* [RECORDS FOR THIS TASK]:

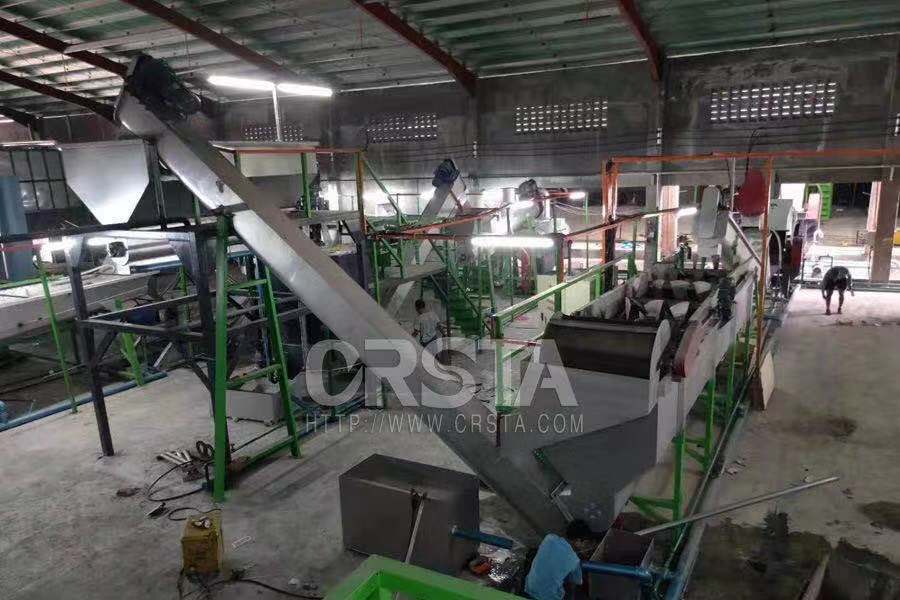废塑料外壳家电处置破碎清洗脱水片料流水线。
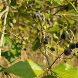 果椭圆形,被白粉,长1-1.5厘米,径6-10毫米,呈蓝黑色或黑色。花期3-6月,果期6-11月。
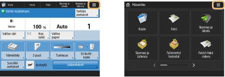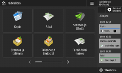 (Koti). <Päävalikko>-näytössä näytetään toimintopainikeluettelo, josta voit valita eri toimintoja. <Päävalikko>-näytössä näytetyt kohteet
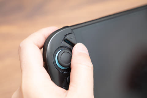 個人的に特に快適と感じたのは、(+)(-)ボタン。ケースを装着すると、押しにくくなりがちな部分だが、PITA TACTICAL JOY-CON GRIP CASEではこの部分が盛り上がった形状になっており、装着後の方がむしろ押しやすくなったと感じた。
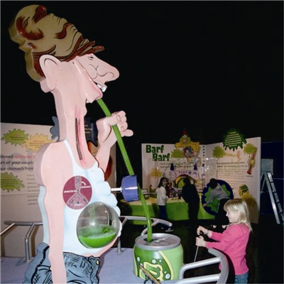 在展览中,参观者可以爬上有疣、头发和伤口的“人体皮肤”;也可以变身为一个尘埃粒子,穿过一个“巨大的鼻子”来了解粘液产生和空气过滤等过程;还可以深入“呕吐源头”,了解人类呕吐的原因;滑过或爬过9米多的消化系统(3D模型),近距离感受消化系统是如何工作的……当人们沉浸在展览中时,生活中许多难以启齿的事物都开启了科学的大门,虽然在参观过程中可能会忍不住感叹:啊!好恶心!但也会发现,原来科学就在身边,才得以把端庄留在家里,毫无顾忌地去探索和享受这个展览(图2)。

* [YOUR TASK]: Reproduce the listing exactly. The pictures are to be omitted.

* [TASK ANSWER]:
废塑料外壳家电处置破碎清洗脱水片料流水线。
 果椭圆形,被白粉,长1-1.5厘米,径6-10毫米,呈蓝黑色或黑色。花期3-6月,果期6-11月。
 (Koti). <Päävalikko>-näytössä näytetään toimintopainikeluettelo, josta voit valita eri toimintoja. <Päävalikko>-näytössä näytetyt kohteet
 個人的に特に快適と感じたのは、(+)(-)ボタン。ケースを装着すると、押しにくくなりがちな部分だが、PITA TACTICAL JOY-CON GRIP CASEではこの部分が盛り上がった形状になっており、装着後の方がむしろ押しやすくなったと感じた。
 在展览中,参观者可以爬上有疣、头发和伤口的“人体皮肤”;也可以变身为一个尘埃粒子,穿过一个“巨大的鼻子”来了解粘液产生和空气过滤等过程;还可以深入“呕吐源头”,了解人类呕吐的原因;滑过或爬过9米多的消化系统(3D模型),近距离感受消化系统是如何工作的……当人们沉浸在展览中时,生活中许多难以启齿的事物都开启了科学的大门,虽然在参观过程中可能会忍不住感叹:啊!好恶心!但也会发现,原来科学就在身边,才得以把端庄留在家里,毫无顾忌地去探索和享受这个展览(图2)。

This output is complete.